Records from a data source
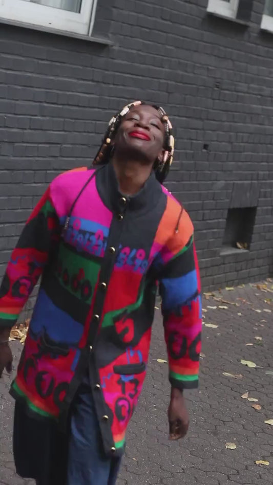 Vintage Rabe Knit Cardigan 80s 90s Sweater Dress Colorful Oversize Graphic Patchwork
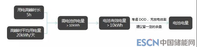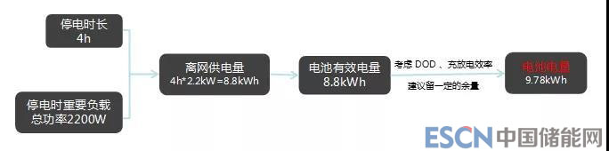 其中離網(wǎng)時(shí)的用電總功率和離網(wǎng)預(yù)計(jì)時(shí)間是最關(guān)鍵的參數(shù)。以停電預(yù)計(jì)的最長(zhǎng)時(shí)間4小時(shí)來(lái)計(jì)算,其設(shè)計(jì)思路可參考:
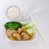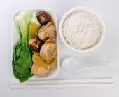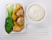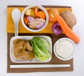 kurczak z ryżem i warzywami w tle
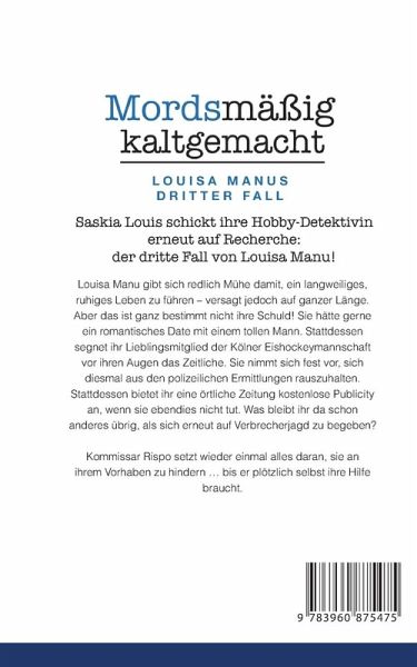 freie Journalistin Louisa Manu, hat sich zu einem Date mit dem Testosteronlosen Koch hinreisen…mehrDer Krimiroman "Mordsmässig kaltgemacht"", ist der dritte Band der Louisa Manu-Reihe, in dem Sharky das Maskottchen der Kölner Haie plötzlich vor dem Spiel zusammen bricht, und Louisa erneut auf Verbrecherjagd schickt, geschrieben von Saskia Louis.
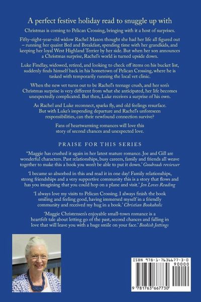 Christmas is coming to Pelican Crossing, bringing with it a host of surprises. Fifty-eight-year-old widow Rachel Mason thought she had her life all figured out - running her quaint Bed and Breakfast, spending time with her grandkids, and keeping her loyal West Highland Terrier by her side. But when her son announces a Christmas surprise, Rachel's world is turned upside down. Luke Findlay, widowed, retired, and looking to check off items on his bucket list, suddenly finds himself back in his hometown of Pelican Crossing, where he is tasked with temporarily running the local vet clinic. When the new vet turns out to be Rachel's teenage crush, and her son's Christmas surprise is very different from what she anticipated, her life becomes unexpectedly complicated. But then, Luke receives a surprise of his own. As Rachel and Luke reconnect, sparks fly, and old feelings resurface. But with Luke's impending departure and Rachel's unforeseen responsibilities, can their newfound connection survive? Fans of heartwarming romances will love this story of second chances and unexpected love.
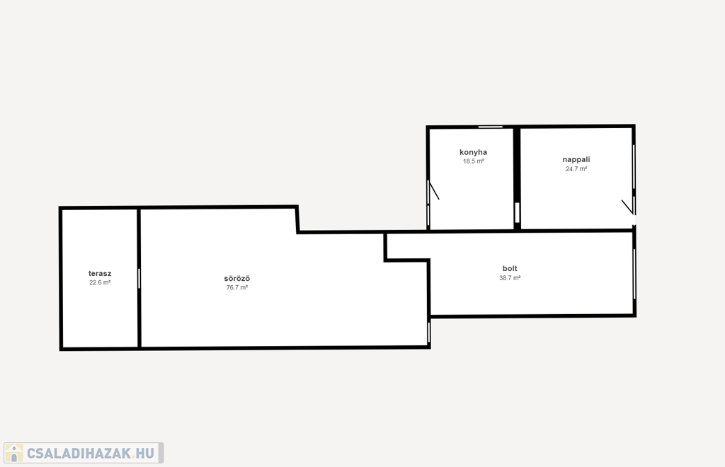 • söröző helyiség: 76,7 nm
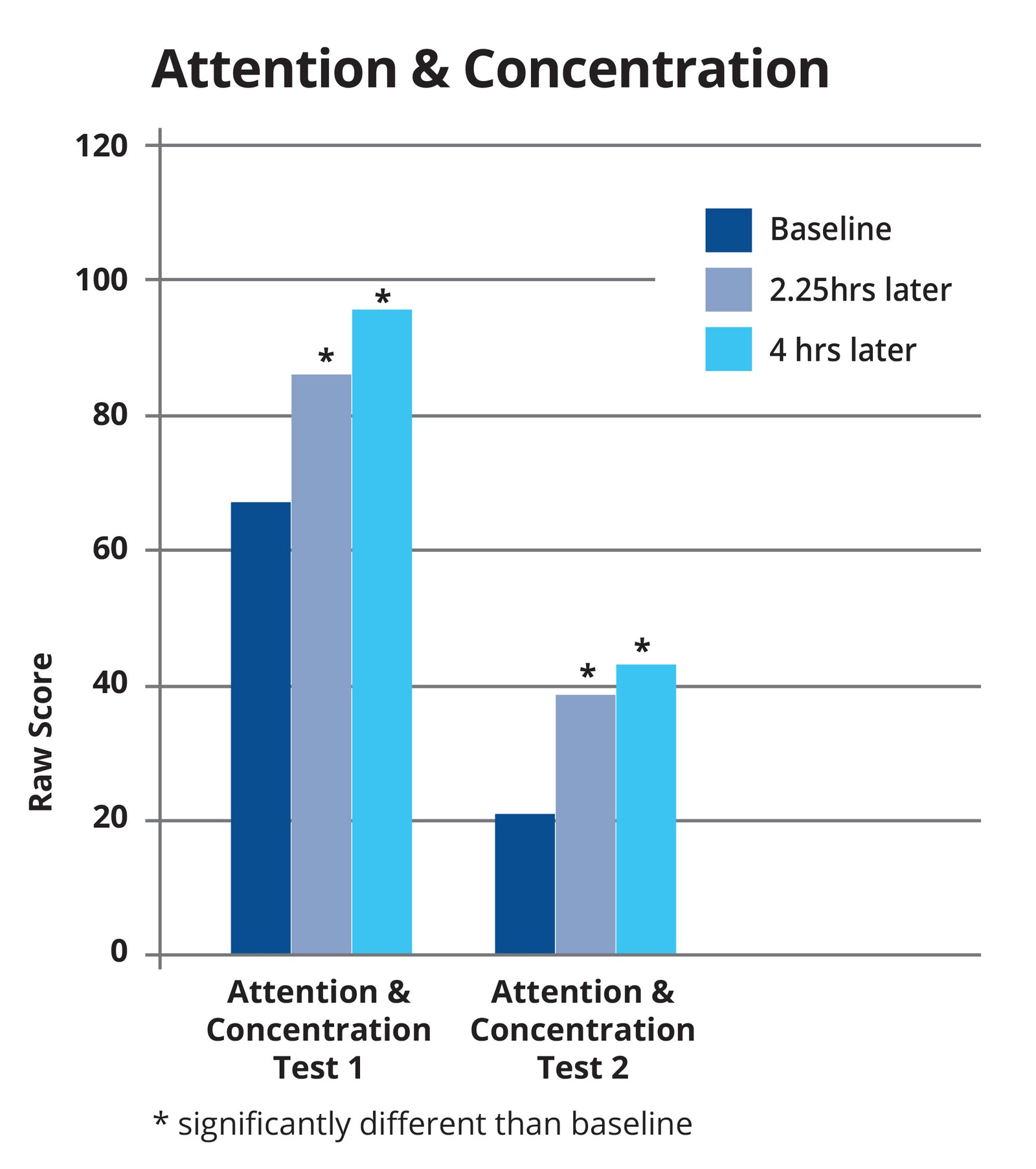 In the first Neutein memory trial, the ingredients found in Neutein significantly improved attention and concentration at 2.25 hours and 4 hours after consuming. Subsequent research showed that with daily use, the ingredients in Neutein also improve sustained focus.

● Task statement
Output the entries above verbatim, leaving out images.

● Exercise response
 Vintage Rabe Knit Cardigan 80s 90s Sweater Dress Colorful Oversize Graphic Patchwork
 其中離網(wǎng)時(shí)的用電總功率和離網(wǎng)預(yù)計(jì)時(shí)間是最關(guān)鍵的參數(shù)。以停電預(yù)計(jì)的最長(zhǎng)時(shí)間4小時(shí)來(lái)計(jì)算,其設(shè)計(jì)思路可參考:
 kurczak z ryżem i warzywami w tle
 freie Journalistin Louisa Manu, hat sich zu einem Date mit dem Testosteronlosen Koch hinreisen…mehrDer Krimiroman "Mordsmässig kaltgemacht"", ist der dritte Band der Louisa Manu-Reihe, in dem Sharky das Maskottchen der Kölner Haie plötzlich vor dem Spiel zusammen bricht, und Louisa erneut auf Verbrecherjagd schickt, geschrieben von Saskia Louis.
 Christmas is coming to Pelican Crossing, bringing with it a host of surprises. Fifty-eight-year-old widow Rachel Mason thought she had her life all figured out - running her quaint Bed and Breakfast, spending time with her grandkids, and keeping her loyal West Highland Terrier by her side. But when her son announces a Christmas surprise, Rachel's world is turned upside down. Luke Findlay, widowed, retired, and looking to check off items on his bucket list, suddenly finds himself back in his hometown of Pelican Crossing, where he is tasked with temporarily running the local vet clinic. When the new vet turns out to be Rachel's teenage crush, and her son's Christmas surprise is very different from what she anticipated, her life becomes unexpectedly complicated. But then, Luke receives a surprise of his own. As Rachel and Luke reconnect, sparks fly, and old feelings resurface. But with Luke's impending departure and Rachel's unforeseen responsibilities, can their newfound connection survive? Fans of heartwarming romances will love this story of second chances and unexpected love.
 • söröző helyiség: 76,7 nm
 In the first Neutein memory trial, the ingredients found in Neutein significantly improved attention and concentration at 2.25 hours and 4 hours after consuming. Subsequent research showed that with daily use, the ingredients in Neutein also improve sustained focus.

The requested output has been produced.